Supplied material:
● ● ●

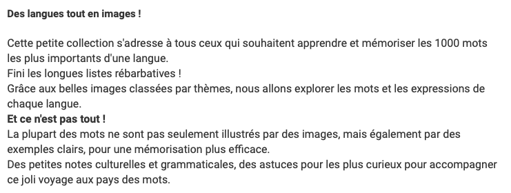 Un livre, une langue et des images! Le concept est de prĂ©senter un glossaire de mots accompagnĂ© de visuels pour une meilleure mĂ©morisation en utilisant l’association mot-image.
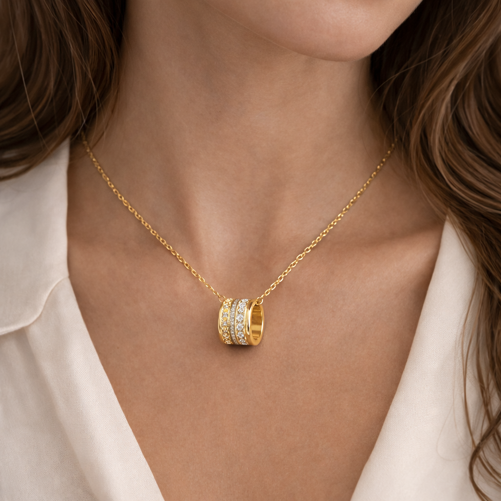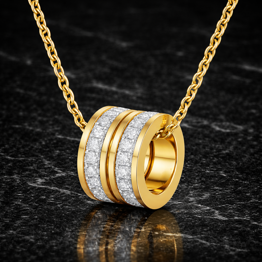 Луксозен дамски гердан с модерна цилиндрична висулка, украсена с редове блестящи камъни, които придават изискан блясък и стил. Дизайнът съчетава минимализъм и елегантност, превръщайки бижуто в стилен акцент към всяка визия – от ежедневна до официална.
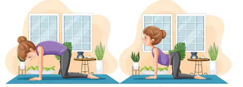 고양이/소 자세 (Cat-Cow Pose): 허리와 등을 부드럽게 풀어주는 데 탁월합니다.
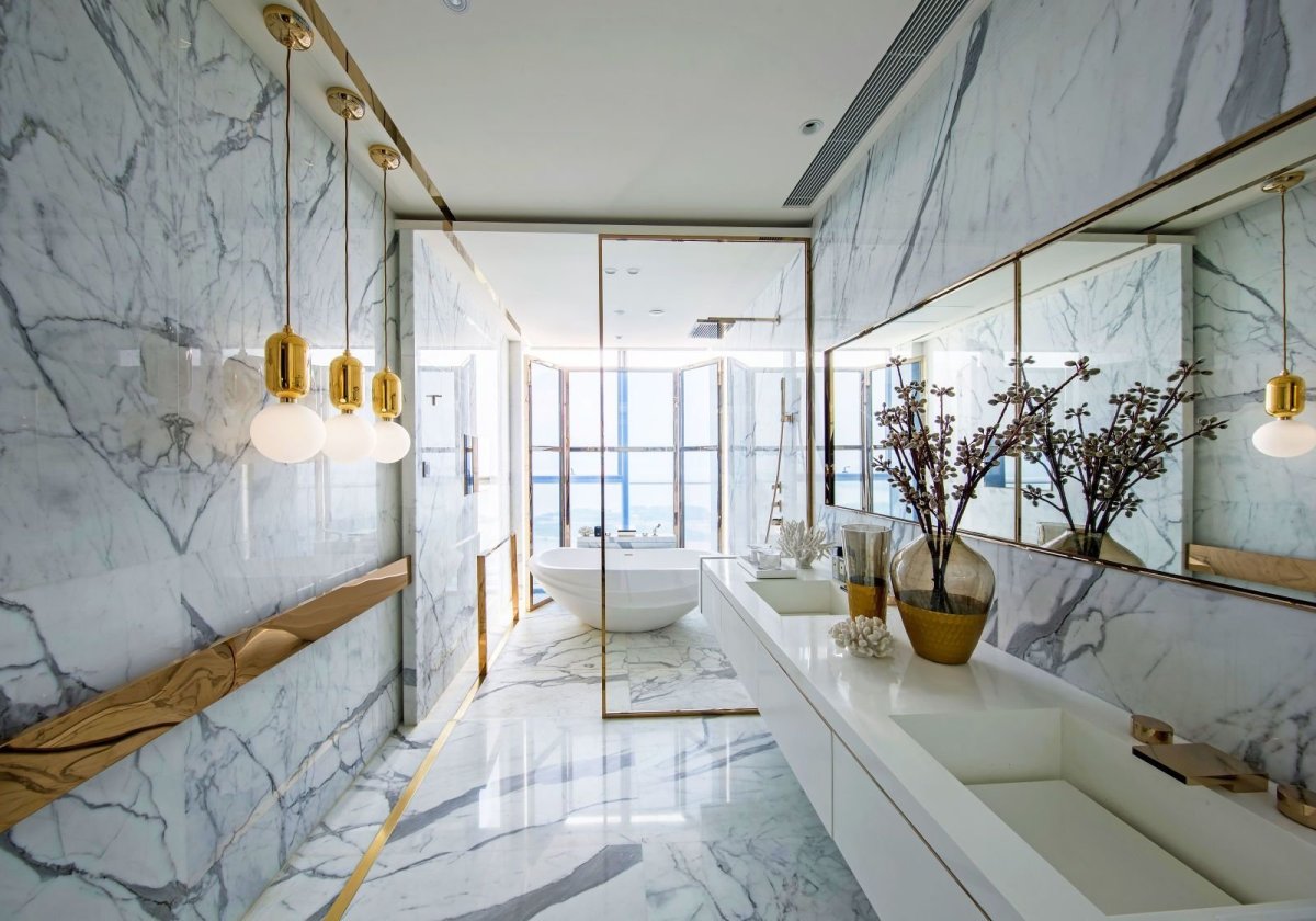50. Мрамор в интерьере ванной

● ● ●

Aim of the task:
The copy should hold exactly the lines from the line containing "Луксозен дамски гердан" through the end of the data, both ends included, and no pictures.

Response to this exercise:
 Луксозен дамски гердан с модерна цилиндрична висулка, украсена с редове блестящи камъни, които придават изискан блясък и стил. Дизайнът съчетава минимализъм и елегантност, превръщайки бижуто в стилен акцент към всяка визия – от ежедневна до официална.
 고양이/소 자세 (Cat-Cow Pose): 허리와 등을 부드럽게 풀어주는 데 탁월합니다.
50. Мрамор в интерьере ванной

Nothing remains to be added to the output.